If the predictor and response variables are both quantitative, we start with correlation and simple linear regression models (Chapters 5 and 6) - things you should have seen, at least to some degree, previously. If there is more than one quantitative explanatory variable, then we say that we are doing multiple linear regression (Chapter 7) - the "multiple" part of the name reflects that there will be more than one explanatory variable. If the situation suggests the use of a mix of categorical and quantitative predictor variables, then we also call the models multiple linear regression models. In the situation with one categorical predictor and one quantitative predictor, we revisit the idea of an interaction. It allows us to consider situations where the estimated relationship between a quantitative predictor and the mean response varies among different levels of the categorical variable.

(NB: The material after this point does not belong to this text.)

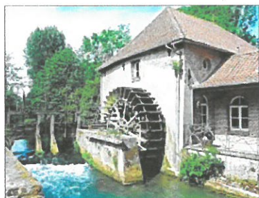
Le moulin à eau est actionné par le courant de la rivière.

On utilise trois sources d'énergie principales : - les énergies naturelles : le vent, la force de l'eau des rivières ou des marées, le soleil... qui sont renouvelables et inépuisables ;

At the end of the course, you should be able to identify, perform using the statistical software R (R Core Team, 2014), and interpret the results from each of these methods. There is a lot to learn, but many of the tools for using R and interpreting results of the analyses accumulate during the semester. If you work hard to understand the initial methods, it will help you when the methods get much more complicated. All of the methods you will learn require you to carefully consider how the data were collected, how that pertains to the population of interest, and how that impacts inferences that can be made. The scope of inference is our shorthand term for remembering to think about two aspects of the study - random assignment and random sampling. One aspect of this assessment is to decide if the explanatory variable was randomly assigned to study units (allowing for causal inferences if differences are detected) or not (so no causal statements are possible). The other aspect concerns random sampling: If the data were obtained using a random sampling mechanism, then our inferences can be safely extended to the population that the sample was taken from. However, if we have random sample, our inference can only apply to the sample collected. You will often think you are done with your analysis when you get some numbers from R, but need to remember to think about the potential conclusions you can make based on the source of the data set you are analyzing. By the end of this course, you should have some basic R skills and abilities to create basic ANOVA and Regression models, as well as Chi-squared testing situations. Together, this should prepare you for future STAT courses or for other situations where you are expected to be able to do the calculations and effectively communicate interpretations for the methods discussed in this course.
1A placebo is a treatment level designed to mimic the potentially efficacious level(s) but that can have no actual effect. The placebo effect is the effect that thinking that an effective treatment was received has on subjects.
2We will reserve the term "effect" for situations where we could potentially infer causal impacts on the response of the explanatory variable which occurs in situations where the levels of the explanatory variable are randomly assigned to the subjects.